While McGinnis was lobbing meatballs, at least one member of the Browns was still fighting hard to win—the insatiably aggressive Bill Gleason. On a bang-bang play at the plate, Gleason bowled over Reds catcher Phil Powers, who had just gotten over an illness that melted off twelve pounds and earned him the nickname of “Shadow.” The local papers found nothing to admire in Gleason’s combativeness. “This is the same player who ran into Powers last year and broke his wrist necessitating his retirement from the field for nearly six weeks,” the Enquirer pointed out. “The collision was most likely purely unintentional on Gleason’s part, but he should be more careful, and not let his zeal to win run away with his judgment.”

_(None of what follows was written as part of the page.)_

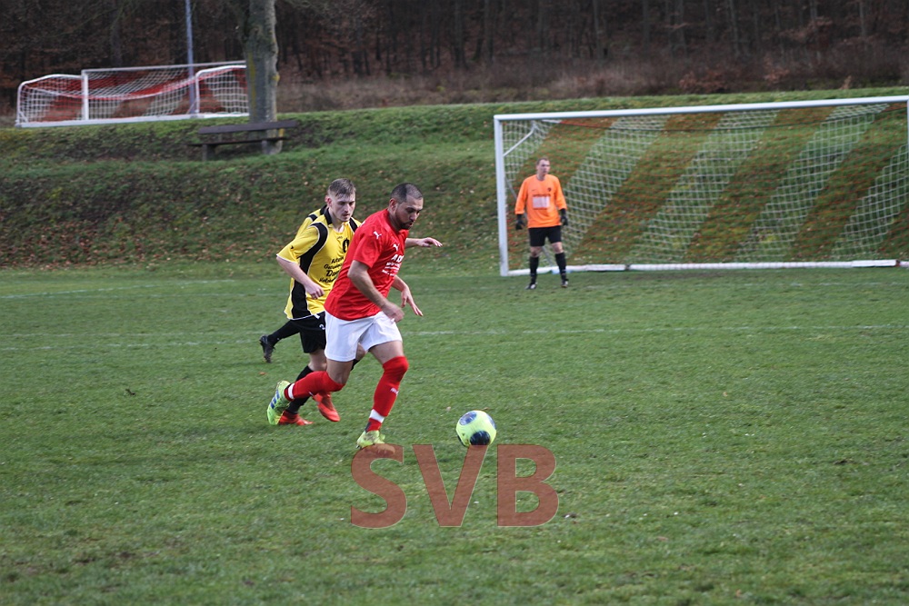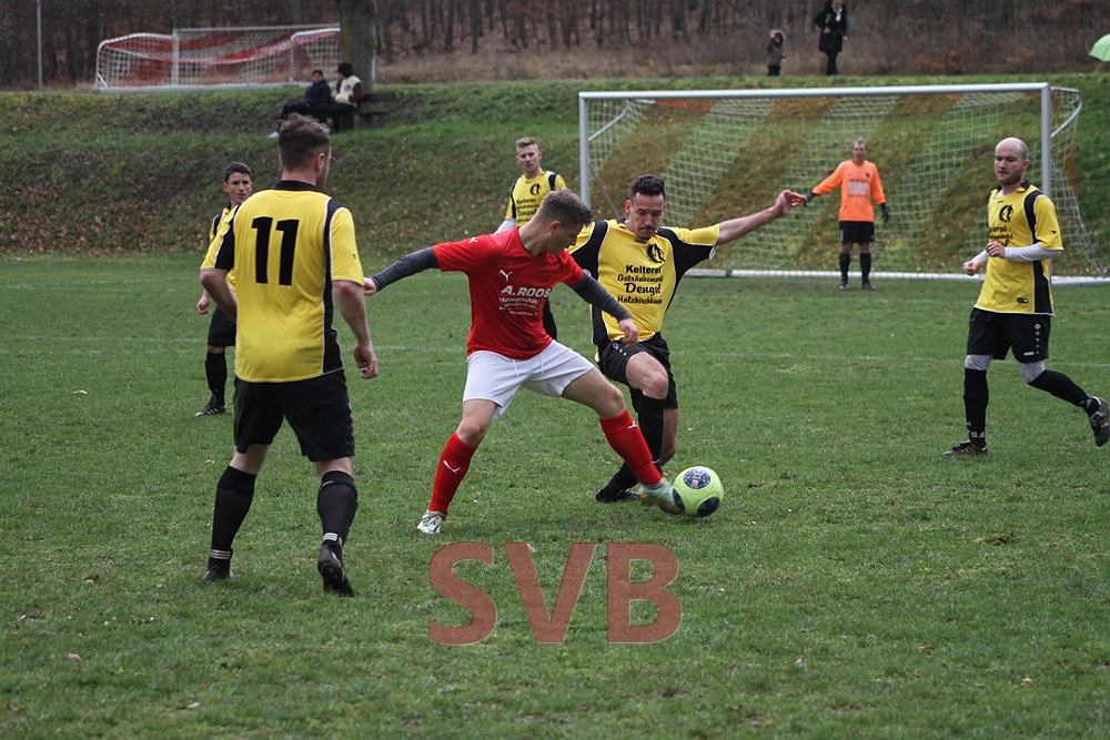 Die elf nominierten SVB-Spieler lieferten diesmal allerdings wider Erwarten eine kämpferisch starke Leistung ab, zumal auch beim FSV mit Torjäger Patrick Knauer, Benedict Müller, Steffen Fries und Niklas Fuchs wichtige Mannen fehlten. Trotzdem wurde es nach nicht einmal 60 Sekunden direkt brenzlig, als Spielertrainer Heiko Esser Marcel Schneider auf Linksaußen bediente und dieser an Debütant Manuel Jeßberger schon vorbeigezogen war. Manu wusste sich als letzter Mann nur durch Halten zu helfen, was SR Rehm direkt zu einem gelben Karton zwang, was noch gnädig war. Nachdem bei ihm auch noch der Oberschenkel zu machte, war für Jeßberger bereits nach fünf Minuten wieder Schluss und Youngster Jens Väth kam in die Partie.

Unfortunately, the zeal to win was in short supply among the Browns that week. The Reds completed the three-game sweep the following day, beating a St. Louis boy, Charlie Hodnett, a former apprentice printer who, in those days before massive scouting operations and farm teams, had been lifted off the city’s sandlots and rushed in to fill the yawning gap in the Browns’ pitching staff. Hodnett, about twenty-two, was so nervous that he walked the first two Reds batters before he was able to settle down. The rookie pitcher ended up losing only narrowly, 3–2. Caylor was impressed. “This young man is no slouch,” he wrote. “He shows the makings of a fine future pitcher. His rising ball in particular is very deceptive.” As it turned out, Hodnett would pitch only four games for the Browns, stepping aside as soon as Tony Mullane was able to throw hard again. (After pitching for St. Louis’s club in the Union Association in 1884, Hodnett died of a crippling rheumatoid condition before his thirtieth birthday. He ended up a pauper in the St. Louis Poor House.) While waiting for his throwing arm to heal, Mullane earned his keep by playing in the outfield and contributing some hits. During the third straight loss to Cincinnati, he “looked anything else but a sick man as he trampled the grass in center field,” the Enquirer noted. It was Mullane who made the longest hit of the day, a triple to right field. “His playing . . . would warrant any body in staking a few dollars that his chances for laying claim to his six feet of earth were very slim for a few days, at least.”